Work instruction
Nothing but the lines below from the one containing "A CBF sorteou" through the one containing "说明:自2014年1月1日起" should appear in the answer, exact and without pictures.

Information shown
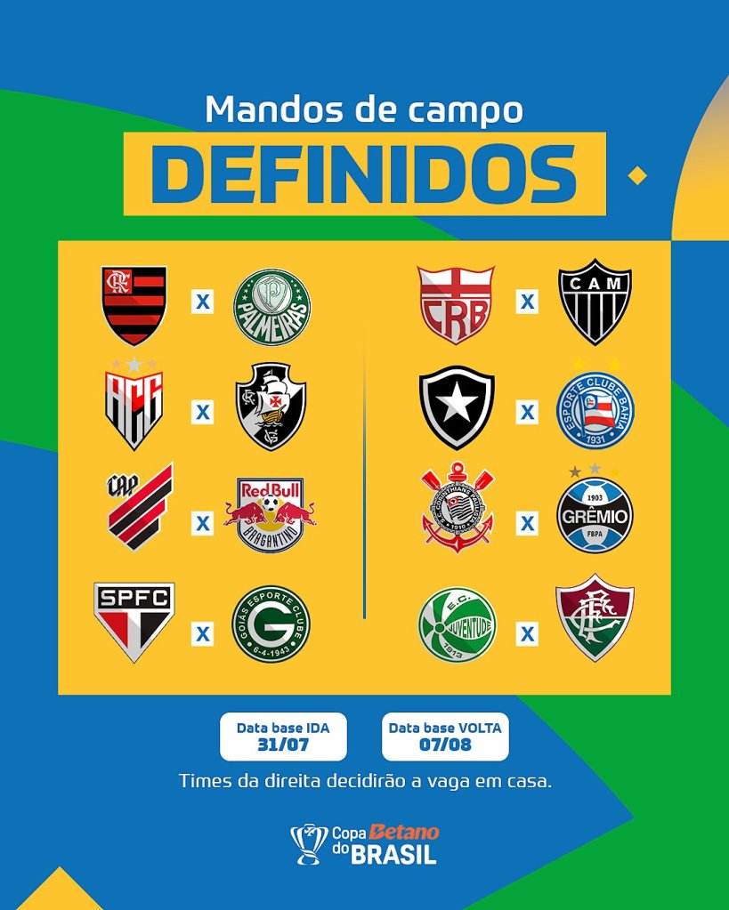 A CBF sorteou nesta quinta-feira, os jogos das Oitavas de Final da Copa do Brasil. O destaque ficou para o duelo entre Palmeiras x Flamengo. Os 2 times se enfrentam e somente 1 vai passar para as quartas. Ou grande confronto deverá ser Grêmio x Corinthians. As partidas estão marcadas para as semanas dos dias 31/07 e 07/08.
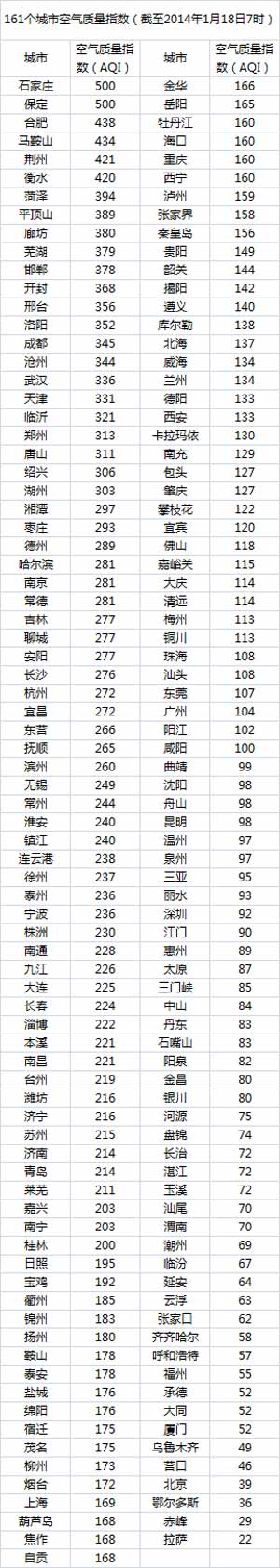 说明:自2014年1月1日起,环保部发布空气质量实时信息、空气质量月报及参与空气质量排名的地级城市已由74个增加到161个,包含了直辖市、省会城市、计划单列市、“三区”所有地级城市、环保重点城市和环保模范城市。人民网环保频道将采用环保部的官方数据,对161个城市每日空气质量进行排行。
...
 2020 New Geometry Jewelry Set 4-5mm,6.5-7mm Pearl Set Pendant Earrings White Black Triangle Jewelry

Solution
 A CBF sorteou nesta quinta-feira, os jogos das Oitavas de Final da Copa do Brasil. O destaque ficou para o duelo entre Palmeiras x Flamengo. Os 2 times se enfrentam e somente 1 vai passar para as quartas. Ou grande confronto deverá ser Grêmio x Corinthians. As partidas estão marcadas para as semanas dos dias 31/07 e 07/08.
 说明:自2014年1月1日起,环保部发布空气质量实时信息、空气质量月报及参与空气质量排名的地级城市已由74个增加到161个,包含了直辖市、省会城市、计划单列市、“三区”所有地级城市、环保重点城市和环保模范城市。人民网环保频道将采用环保部的官方数据,对161个城市每日空气质量进行排行。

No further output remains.